And if Christ came to bear our sorrows, can’t we at least share the reasonable concerns of a world staring into a global crisis without the gospel hope we enjoy?

Christians demanding that church gatherings be deemed an “essential service” must remember that the church is first an essential servant. The preserving power of Christ ensures that we the body will outlast every trial, which frees us to be flexible in our “essential service” to our neighbors.

The church of Jesus Christ is the most mobile, agile, and flexible organism on the planet. Despite our hyper-preferential approach to church, we can operate in megachurches or house churches, in theaters or living rooms, in liberty or underground, in a Kenyan hut or a Bedouin tent. Christianity has thrived in the bright lights of revival tours and in the shadows of the Coliseum, in warehouses and elementary schools, in strip malls and now Zoom calls.

I’m not saying every way of being together is equal. I’m not saying that every imaginable size or setting can fully accomplish all God’s purposes for his gathered church. I’m just saying that the church of Jesus Christ is built for storms, because it’s founded on a rock.

Sometimes we get so used to being “against” society that we forget to be for it. But in the letter we call First Peter, a manual for exiles, there’s one exhortation Peter threads a dozen times through the book: “do good.”

The church is called to gather, of course, and “all the more as you see the Day approaching” (Hebrews 10:25). Only the most immature believers neglect their spiritual families by attending church sporadically, and our lengthening disruption is already stirring up a fresh hunger to worship again in person. But this isn’t our only calling. We’re also called “to submit to rulers and authorities, to obey, to be ready for every good work, to slander no one, to avoid fighting, to be kind, and to show perfect courtesy toward all people” (Titus 3:1–2).

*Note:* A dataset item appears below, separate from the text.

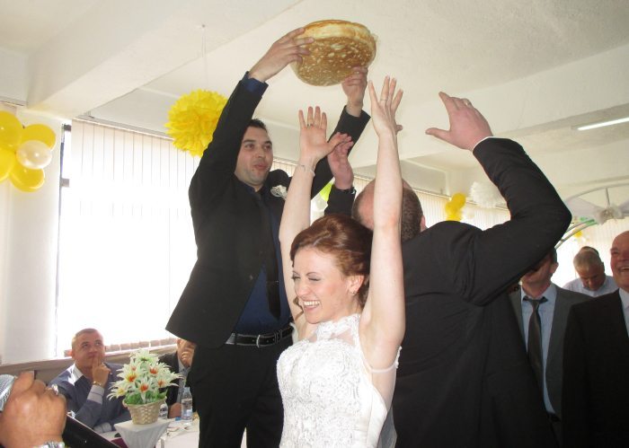 Многобройните сватбари едва се побраха в големия ресторант и наетото за целта второ заведение в селото. Те бяха посрещнати на две смени.

The work of staying home is a good work, and the authorities making these calls deserve our prayer, submission, and respect, not our slander. Kindness, not chaos, is our best response, and the church should already be well-trained in “showing perfect courtesy toward all people.”

Even if the worst happened one day, and the government actually did prohibit American Christians from meeting, not due to legitimate temporary health concerns but actual religious oppression, our calling would be clear. What would we do?

We would appeal with conviction and clarity, we would show the full respect due our appointed leaders, we would cheerfully trust God with the outcome, we would obey God rather than men, we would gather in the wisest ways we could find, we would worship in all the ways God’s assigned, and we would accept the necessary consequences, counting ourselves “blessed” as Jesus taught. We would do what so many before us have done, and done well.

But that’s not our situation, so that’s not today’s calling. Today’s calling is to honor God by remaining scattered, displaying the inseparable unity and creative fellowship of God’s Spirit across the healthy distances temporarily required by love.

Even when we’re labeled a “non-essential service,” we know the truth, and this truth can set us free: we are an essential servant, displaying the kindness and care of God as an army of cheerful benefactors putting our neighbors’ needs before our own.

Official regulations may keep calling our gatherings “non-essential” in coming weeks, but there’s no need to whip ourselves into a frenzy about it. God was with Noah in the ark, with Abram in tents, with Joseph in prison, with Moses in the desert, with David in his cave, with Jonah in the deep, with Jeremiah underground, with Daniel and his lions, with Esther in Susa, with Peter in prison, with Paul under house arrest, and with John exiled on the island of Patmos.

God was with them, and he’ll be with us. The church will gather again, and it will be glorious.

But until that day, we serve a Savior who fasted forty days in the desert and triumphed over all the devil’s temptations. We follow a great physician who banished fevers and healed the sick and brought his kingdom to bear on our broken bodies. And we worship a risen Lord whose own three days of confinement weren’t the bitter end but the brilliant beginning.

He’s gone before us through this desert, so he knows his church won’t just survive but flourish. And that’s because he knows that his church doesn’t live by bread alone, but by every word that comes from the mouth of God.